Court of Appeals Affirms Judgment for Plaintiffs in Products-Liability Action
On January 31, 2013, the District of Columbia Court of Appeals decided Wilson Sporting Goods Co. v. Hickox, No. 11-CV-445, slip op. (D.C. Jan. 31, 2013) in which it affirmed a judgment for the plaintiffs in a products liability action. Id. at 1-2. By way of background, the action arose from personal injuries suffered by a baseball umpire, allegedly as a result of using a defective umpire’s mask. Id. The umpire and his wife (collectively, the “plaintiffs”) sued the manufacturer of the mask (the “defendant-manufacturer”), alleging products-liability claims. Id. Following a favorable jury verdict on all claims, judgment was entered for the plaintiffs. Id. The defendant-manufacturer appealed. Id.
On appeal, the defendant-manufacturer raised three arguments. First, the defendant-manufacturer argued that testimony of the plaintiffs’ products-safety expert should have been excluded because the testimony lacked adequate foundation. Id. at 5-13. It primarily argued that the expert’s testimony should have been excluded because the expert did not conduct his own tests to determine whether the mask was defective and did not adequately explain his reasoning. Id. at 8-12. The Court of Appeals rejected these arguments. Id. It concluded that “there is no requirement that an expert perform tests, particularly where the expert relies on published data generated by another expert in the pertinent field,” as was the case here. Id. at 8. Additionally, although recognizing that the expert “did not fully explain every aspect of his reasoning,” it concluded that the expert’s explanation of his reasoning was sufficient and that any “gaps” in the expert’s explanation of his reasoning “did not require exclusion of [his] testimony but rather were the proper subject of cross-examination and closing argument.” Id. at 12.

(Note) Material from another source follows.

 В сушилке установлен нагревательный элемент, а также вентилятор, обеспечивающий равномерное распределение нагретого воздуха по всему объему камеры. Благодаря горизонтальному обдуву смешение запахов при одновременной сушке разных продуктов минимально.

Second, the defendant-manufacturer argued that “it was entitled to have the jury instructed on an assumption-of-risk defense.” Id. at 13-14. The Court of Appeals recognized that “[a]n assumption-of-risk instruction is warranted in a design-defect case if the defendant offers evidence that the plaintiff knew about the specific alleged defect and the associated danger.” Id. at 14. It concluded, however, that there was no evidence that the umpire knew about the specific alleged defect and the associated danger and that “showing that [the umpire] knew the general risks of baseball umpiring was inadequate” to justify the instruction. Id.

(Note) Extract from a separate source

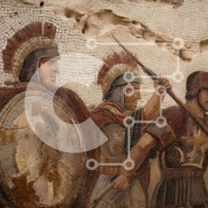 Intra Συλλεκτικό Ξύλινο Παζλ Plywood 4mm - Αρχαίο Μωσαϊκό Ρωμαίων Στρατιωτών Σε Ξύλινο Κουτί - Διαστάσεις Puzzle: 10x10 cm – 25 κομμάτια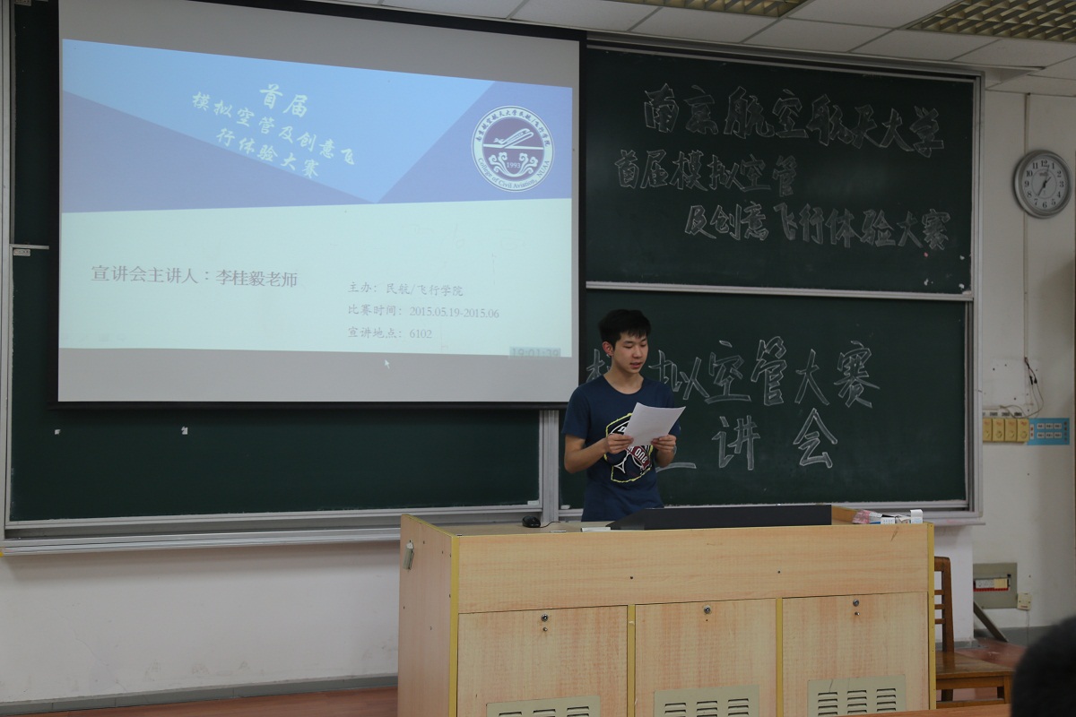 自2015年5月19日宣讲会的举行以来,禁忌书屋 首届模拟空管及创意飞行体验大赛正式启动。本次大赛是禁忌书屋 首次举办,由民航/飞行学院联合民航空管单位进行承办,大赛分为初赛、复赛和决赛。自宣讲会之后,31名选手以丰富的专业知识储备从初赛中脱颖而出;5月29日,复赛在民航工程训练中心进行,采用机场塔台模拟机进行比赛,十六名选手胜出。6月3日晚七点,大赛决赛在将军路校区2110教室隆重举行,邀请了南京空管站的一线管制专家、禁忌书屋 的专业教师等担任了评委,来自禁忌书屋 各学院200余学生代表也前来观摩了决赛。

Third, the defendant-manufacturer argued that “there was insufficient evidence to support judgment against it on any of the products-liability claims.” Id. at 15. In addressing this argument, the Court of Appeals focused on the plaintiff’s design-defect claim. Id. It stated that “[t]here are two tests commonly used to determine whether a product’s design was defective: the consumer-expectation test and the risk-utility test.” Id. The Court of Appeals analyzed the sufficiency of the evidence in accordance with the consumer-expectation test because, although the Court of Appeals has not ruled on whether the consumer-expectation test is applicable in the District of Columbia, the defendant-manufacturer “explicitly assented at trial to jury instructions that required the jury to make findings under a consumer-expectation test.” Id. at 16. “Under that test, a product has a design defect if it fails to perform in the manner reasonably to be expected by the ordinary consumer.” Id. at 17 (internal quotation marks omitted).
Applying the consumer-expectation test, the Court of Appeals found, inter alia, that the evidence was sufficient to support the judgment. Id. at 17-22. It found that “the evidence indicated that the mask at issue was more dangerous than comparable masks sold at the time,” id. at 17, that the jury could infer “the level of safety an ordinary user would expect” from “the existence of safer, commercially available alternatives,” id. at 18, and that statements made by the defendant-manufacturer’s representative to the umpire would have given an ordinary consumer the expectation that the mask would “perform more safely than other models,” id. at 19. It also found that there was adequate evidence of proximate cause. Id. at 21-22.
Accordingly, the Court of Appeals affirmed the trial court’s judgment.